One half of your brain is saying, “This person isn’t getting it done. Solve this problem now. Fire them.”
The other half is screaming, “This person worked here for ages. They were great for years. We can’t just let them go.”
I’ve seen this happen a lot. This person doesn’t just fit your culture, they help define it. They are a bright shining example of the kind of human being you want working there. But, recently, for whatever reason, their ability to actually put skins on the wall has been dropping like a North Korean space station.
At this point you have to ask yourself if this is the right person for this “seat”. In The Entrepreneurial Operating System® Online we use a simple tool called the Accountability Chart™, which is a way of organizing your business that focuses on function, not title.
Step one of determining if this person should be fired, is determining what aspects of their job they aren’t getting done. Why is that so important? There are a couple of truths this tool can bring up. For instance:
- The job has become bigger than this person. Maybe they would be happier in a less c-level position
- The job description has changed too much. This day-to-day is no longer something they are skilled at
- The job has become bloated. This person just has too much stuff they are doing.
There are more, but 3 seemed like a super good number to end on. You get the point. How can you really ask, “should I fire this person,” until you’ve 100% defined the role they are in. Doing so not only gets you clarity on the role, but the person in it.
Should I Fire This Person Reason 2: Wrong Person. Right Result.
I love this problem. Why? It’s much more common than Reason 1, but far less often addressed. Let me give you a wonderful example.
Meet Bob! Hi, Bob.
Bob has been working as a senior development officer at a major international charity for 10 years. Bob gets it done like no one else. He brings in big donors and makes them feel 100% taken care of. Bob pulls in more than the rest of the team combined. He does the work of 4 people and he lets them know all the time. Bob asserts his opinion about every operation in the building, because he is so smart. Bob encourages us to harshly chastise volunteers that don’t make their door-to-door donation quota. We hate Bob.

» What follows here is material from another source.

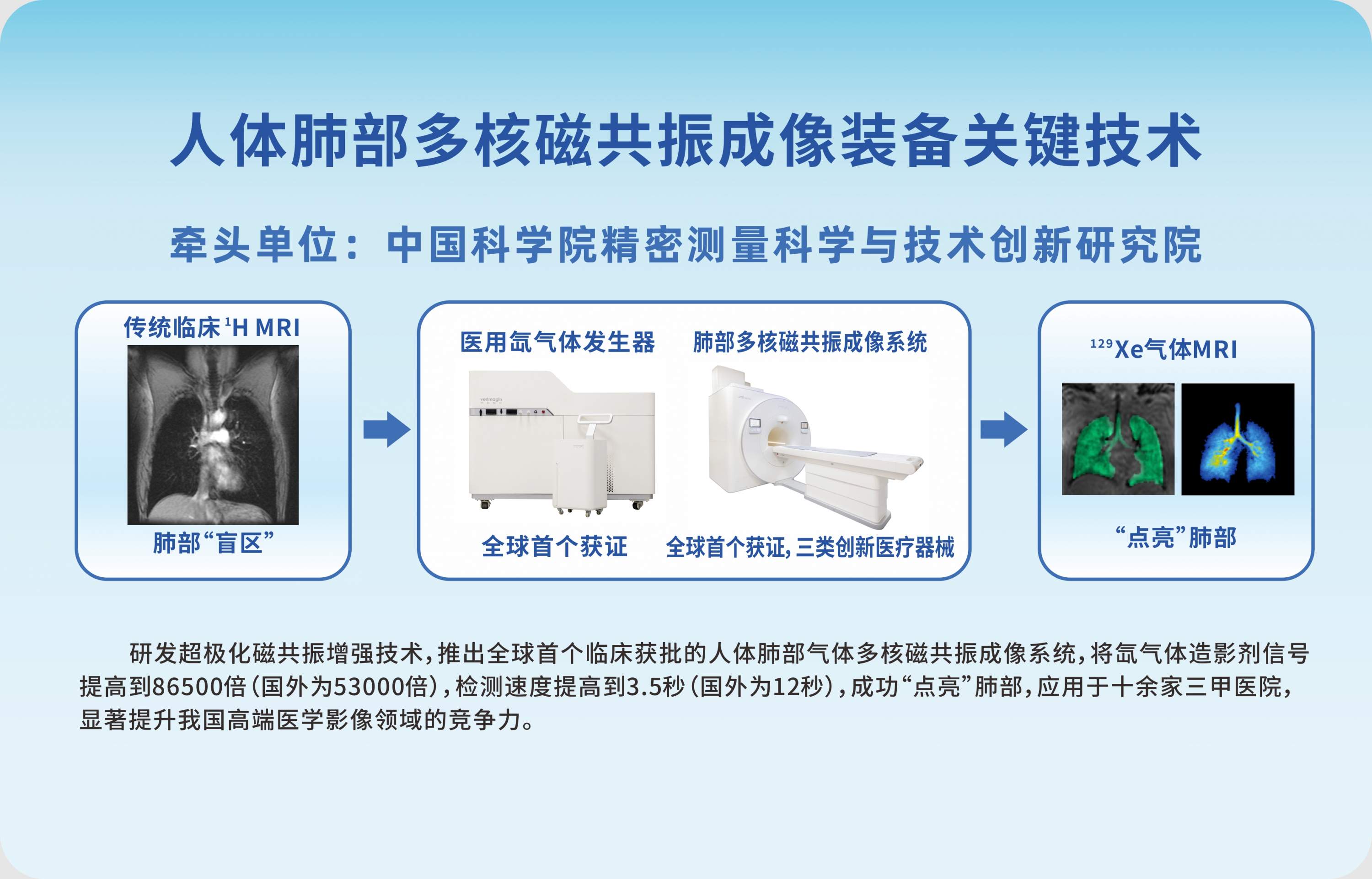 1. 人体肺部多核磁共振成像装备关键技术及装备:获批全球首个同类产品注册证,实现肺部无创精准评估。

See, Bob doesn’t fit. He’s great at his job. There’s no doubt. The problem is that Bob is simply not in line with the company culture. His numbers are at record highs, though, so we tip toe around the fact that we hate him. Meanwhile, we’ve lost several of our long-term donors and a small army of volunteer organizations that we have been working with for decades.
Sure, Bob is getting his job done, but he is poisoning the company by being the antithesis of the kind of person we want working here.
If this sounds like a problem you are facing, I strongly encourage you to look at our People Analyzer™ tool.
I want to be up front. This is not a pleasant tool. This tool can hurt; it must hurt. It requires brutal honesty with yourself and the employee. And while they don’t have to be there while you fill it out, they deserve to be made aware of the results.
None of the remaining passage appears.